Statement of the National Disability Leadership Alliance on the 23rd Anniversary of the Signing of the Americans with Disabilities Act

For those who are unfamiliar with the National Disability Leadership Alliance (NDLA), here’s the description from the website:

National Disability Leadership Alliance (NDLA) is a national cross-disability coalition that represents the authentic voice of people with disabilities.

NDLA is led by 14 national organizations run by people with disabilities with identifiable grassroots constituencies around the country.  The NDLA steering committee includes: ADAPT, the American Association of People with Disabilities, the American Council of the Blind, the Association of Programs for Rural Independent Living, the Autistic Self Advocacy Network, the Hearing Loss Association of America, Little People of America, the National Association of the Deaf, the National Coalition for Mental Health Recovery, the National Council on Independent Living, the National Federation of the Blind, Not Dead Yet, Self Advocates Becoming Empowered, and the United Spinal Association.

Originally created as the Justice For All Action Network, over the 2011 Martin Luther King Jr. holiday weekend, members of the steering committee held a retreat to determine the future of the network.  The group formalized the network, adopted the new name and tagline, and adopted operational guidelines.

As indicated in the description above, NDY is one of the national organizations that leads the alliance.

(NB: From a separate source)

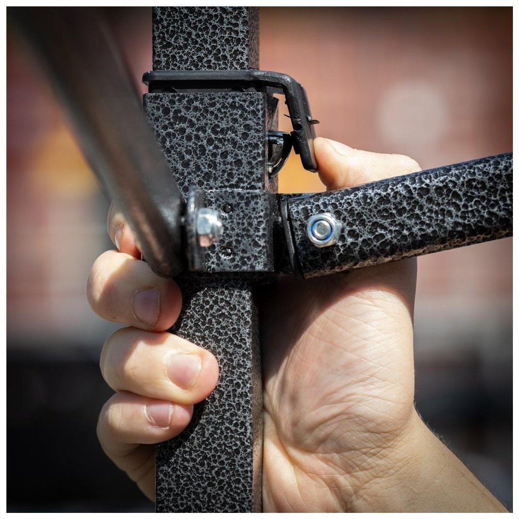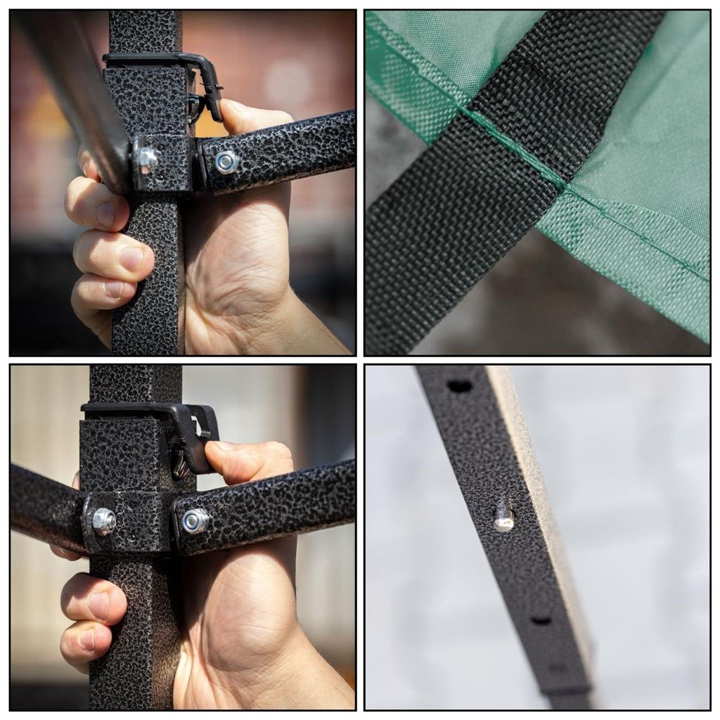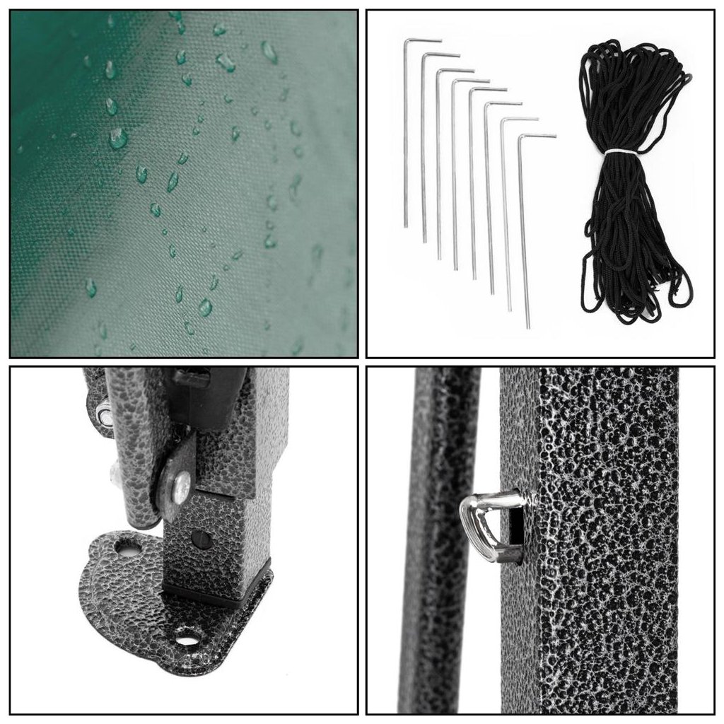 Robustný oceľový rám s antikoróznou úpravou zabezpečuje pevnosť a stabilitu stanu, vďaka čomu je vhodný na pravidelné používanie počas celej sezóny. Strecha a tri bočné steny sú vyrobené z odolnej 420D Oxford tkaniny s hydrofóbnym náterom, ktorá bráni prenikaniu vody a poskytuje príjemný tieň. Zeleno-čierne prevedenie pôsobí elegantne a prirodzene, takže dokonale zapadne do záhrad, parkov či mestských priestorov.

We’re proud of our part in the Alliance and in the Statement on the 23rd Anniversary of the Signing of the Americans with Disabilities Act:

This week, people with disabilities across the country are celebrating the 23rd anniversary of the signing of the Americans with Disabilities Act (ADA).  This was the first comprehensive federal civil rights statute protecting the rights of people with disabilities.  The ADA established that people with disabilities have equal opportunity in employment, state and local government, places of public accommodation, and telecommunications.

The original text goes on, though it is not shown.